GOP raps Gavin Newsom as sister’s cafe seeks $16-an-hour busser while fast-food eateries must pay $20

As California’s $20 minimum wage kicked in for fast-food franchise workers this week giving them a 25% pay boost, the state’s Republicans pointed Tuesday to an ad for a $16-an-hour busser from a Lake Tahoe area cafe Gov. Gavin Newsom founded that’s part of a hospitality group now run by his sister.

PlumpJack Cafe in the Lake Tahoe community of Olympic Valley, which posted the job ad last month for the restaurant and bar that opened in 1995, wouldn’t be subject to the state’s $20 fast-food minimum wage, which took effect April 1 for some 3,000 franchise restaurants belonging to chains with 60 or more locations nationally. But the Democratic governor’s Republican critics said it’s another example of the governor avoiding rules he imposes on others.

“I wonder why Gavin Newsom’s food businesses don’t pay $20/hour?” Assemblyman Joe Patterson, a Rocklin Republican, posted Tuesday on X. “It’s very, very expensive to live there… but he doesn’t do as he tells others and doesn’t pay a living wage.”
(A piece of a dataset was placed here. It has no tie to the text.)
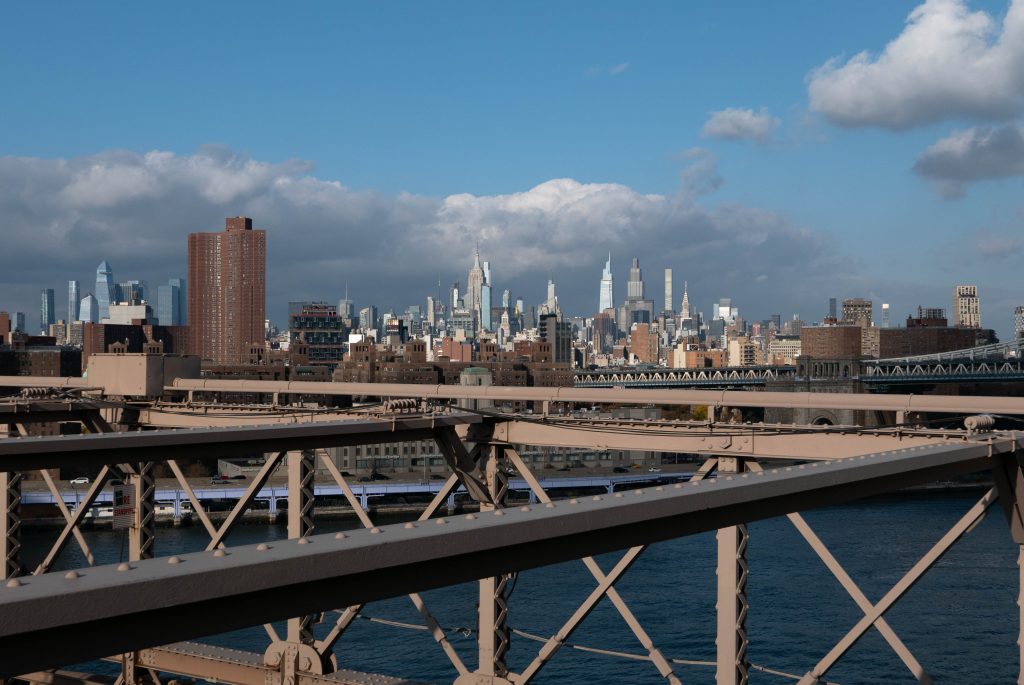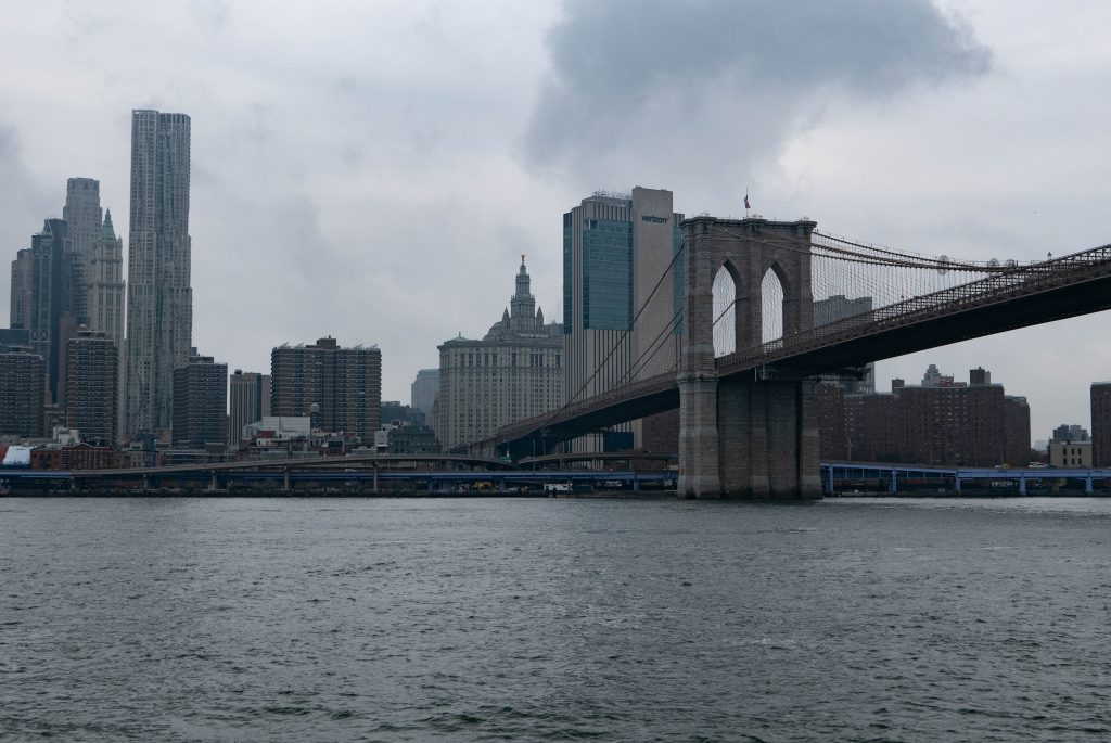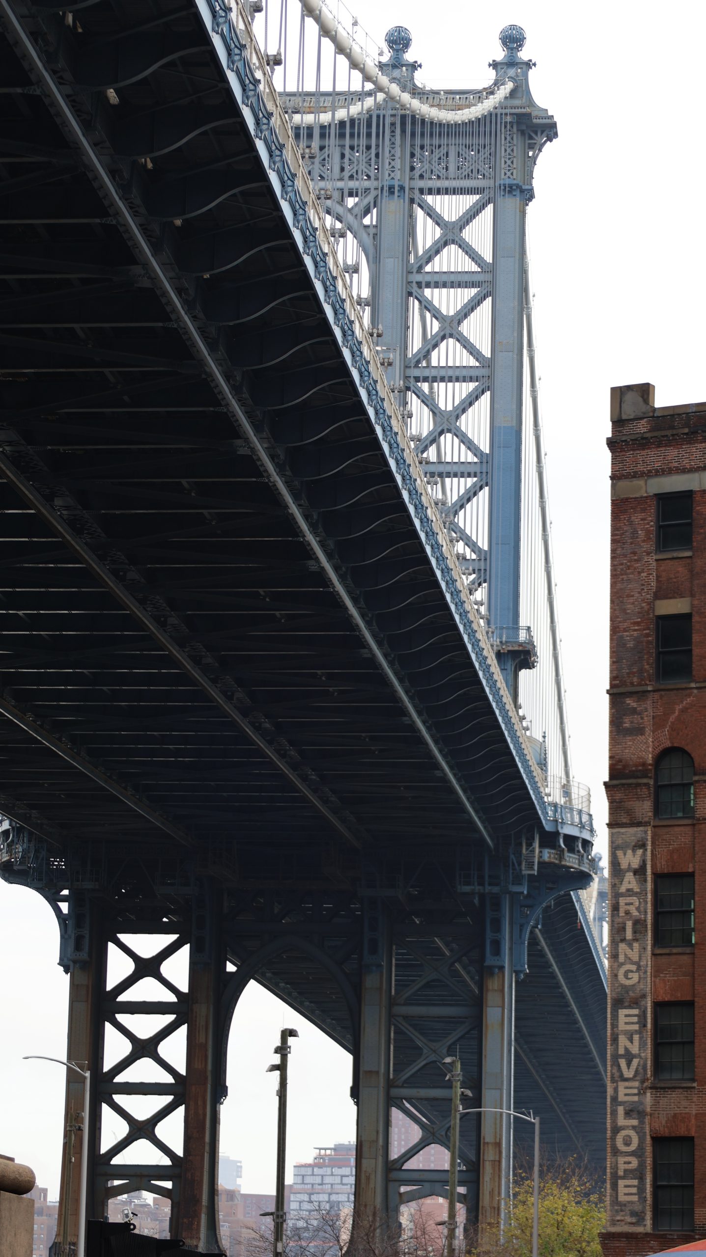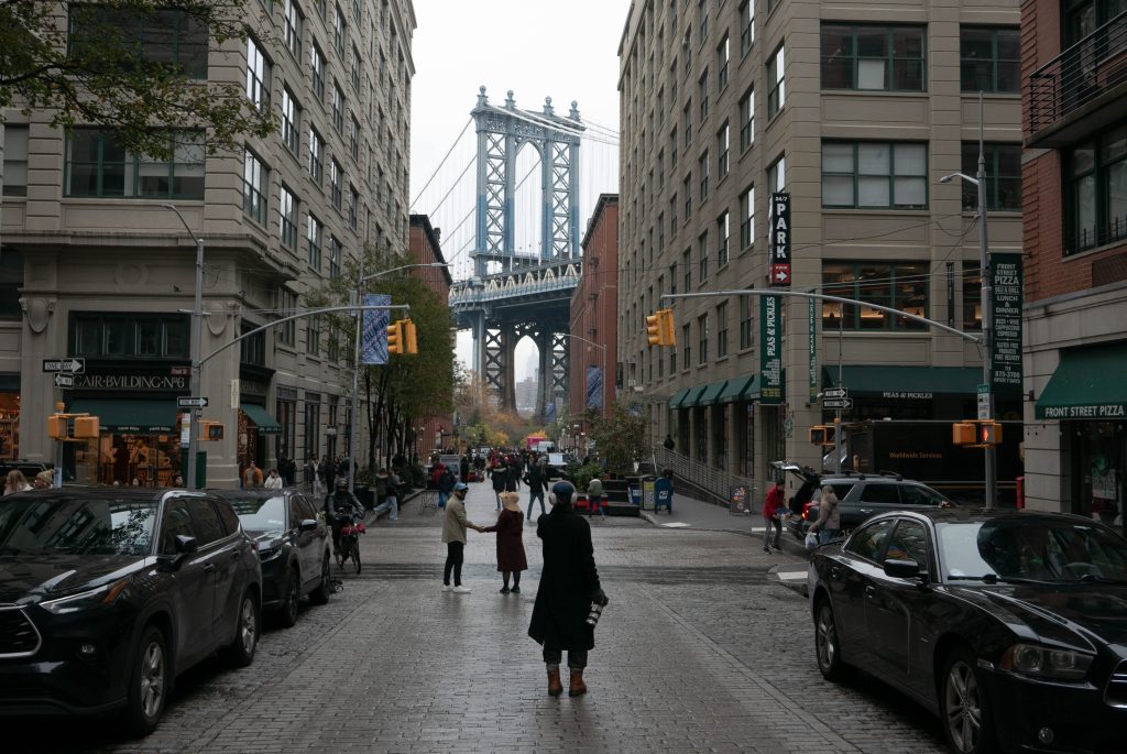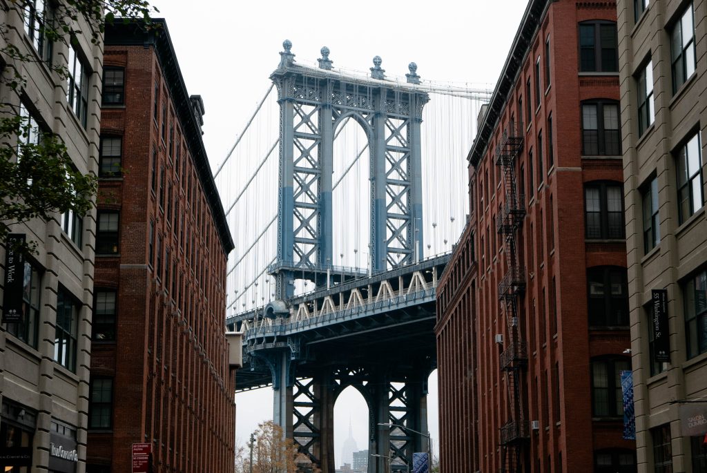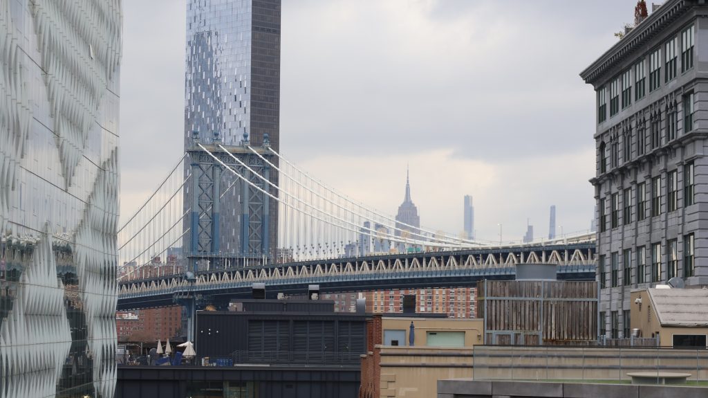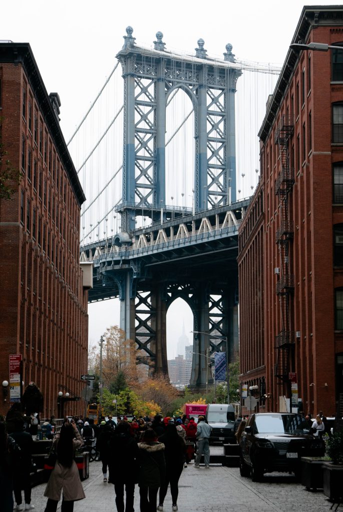 Même un jour pareil, la rue est pleine de gens le regard en l’air. C’est vrai que l’endroit est particulièrement photogénique. Les bâtiments rouges cadrent parfaitement l’arche bleue du pont, qui elle-même laisse apparaitre l’Empire State Building entre ses poutres de métal. Prémonitoire ?

The governor’s press office deferred comment to his personal spokesman, who noted the governor put PlumpJack Group, which Newsom founded as a San Francisco wine shop in 1992 and expanded into a hospitality portfolio, into a blind trust after he was elected governor in 2018.

“He has no role in any of the holdings held by the blind trust,” Newsom spokesman Nathan Click said.

But the trust has been run by a lawyer and accountant who’s a family friend, and Newsom’s sister Hilary is co-president of PlumpJack Group. PlumpJack Group did not respond to a request for comment.

The $20 fast-food minimum wage grew out of an ongoing labor dispute between state leaders and their organized labor allies and the restaurant industry. The state passed the FAST Recovery Act in 2022 that would establish a fast-food council empowered to raise minimum wages even higher and included provisions that could hold companies liable for labor violations by their franchisees.

Fast-food companies sought to put a referendum on the ballot this November to repeal that law, but pulled it last fall after reaching a compromise with a new bill, AB 1228. That bill eliminated the liability for franchise labor violations and allowed for a minimum wage increase to $20.

But controversy didn’t end there. The compromise law included a holdover provision from the original with an odd exemption for eateries that bake bread on site. Bloomberg, citing unnamed sources, reported in February that Newsom had pushed for exemption to benefit campaign donor Greg Flynn, whose company owns two dozen Panera Bread restaurants.